I seem to be an ‘all or nothing’ kind of person. I’ve worked my self stupid for the last few weeks until last week when I was so tired and began to get so disillusioned with things I just needed a break, so I haven’t done anything for a few days apart from go to Legoland with the children and cook a nice family BBQ on Sunday. I need to start again, but I’m worried about looking because I know I’ll get sucked in and what I really want to do is to relax a bit so that I can focus on B as his anxiety levels rise with the impending school change. I also need to put some time into thinking about a plan for the summer holiday and I still have the dreaded DLA form to do for my Daughter.
I’m fed up because I’m working, trying to do things. I don’t feel like I’m making a difference. All I’ve had in the last week are negative comments related to work. People who don’t want emails any more. I’m working my arse off and these people don’t care! Don’t they care about the cuts in funding to services for disabled people? Don’t they care about what this government is doing to the people who are least able to stand up for themselves? I get fed up, so I eat too many biscuits and I’m not cooking enough ‘proper’ food. I’m doing no exercise and I feel rubbish because of it, not just the physical effect of eating too much junk and doing too little exercise, but the emotional effects of feeling inadequate because I can’t get it all right.
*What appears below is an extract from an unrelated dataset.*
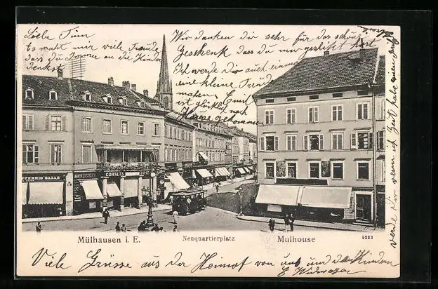 AK Mülhausen i. E., Neuquartierplatz mit Strassenbahn
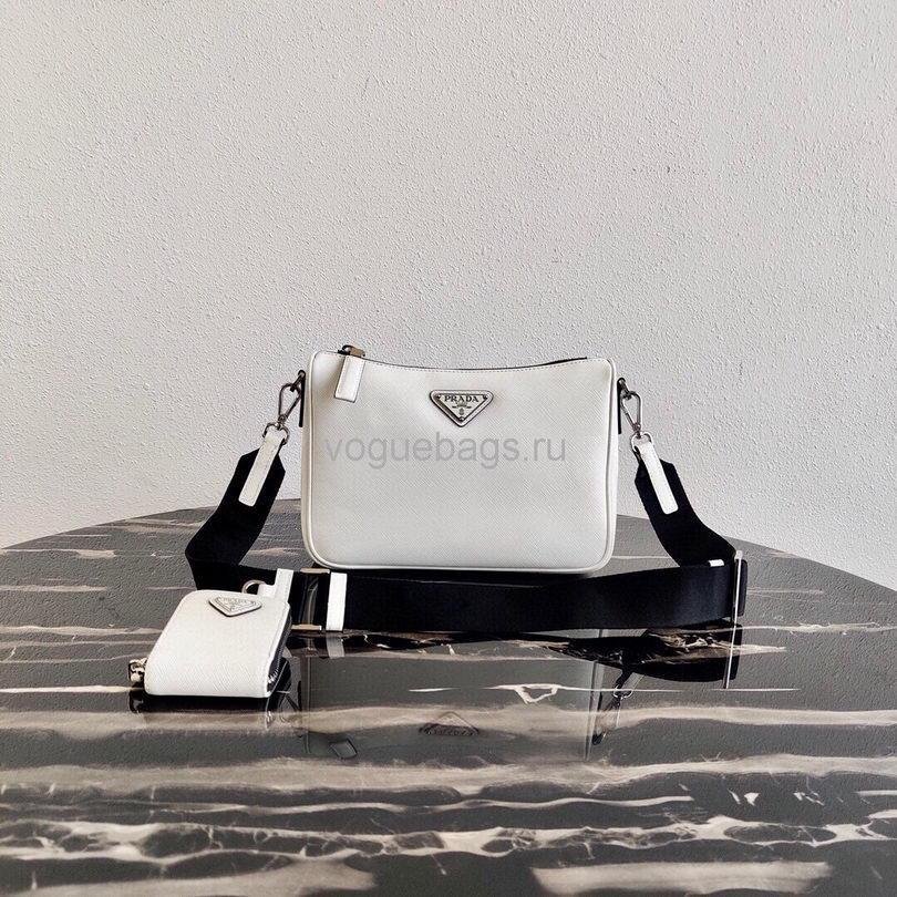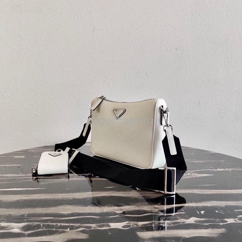 Prada 2VH113 Saffiano Leather Shoulder Bag in White

I think I need to go and live on a desert island – except it would need to have air-con and an internet connection!
Sometimes I just feel so inadequate, if I do one thing well I let a whole heap of other people down and then I feel crap. How the hell can you balance stuff and feel like you’re doing an OK job at least some of the time for some of the people?
Oh s..t – I’ve just read this through and am now wondering whether to publish it, but if this whole blogging thing is about being honest then I suppose I should. So, to all of you who know me in real life – I apologise and you might want to steer clear for a bit. If I haven’t done things I said I would I’m sorry. Why is it easier to write it down with a whole bunch of strangers reading than it would be sit and tell people who are my friends and colleagues? – Well i can answer that one. – If I talked about it I’d cry and I feel that if you see me cry you won’t think I can do it and then I’ll feel even more crap.
So there, that’s it – that’s me and that’s how it is at the moment. How am I supposed to help my Son with changing school and his anxiety when I feel so crap myself?
Thanks for reading – you’d best go get yourself a G&T or a bar of chocolate now.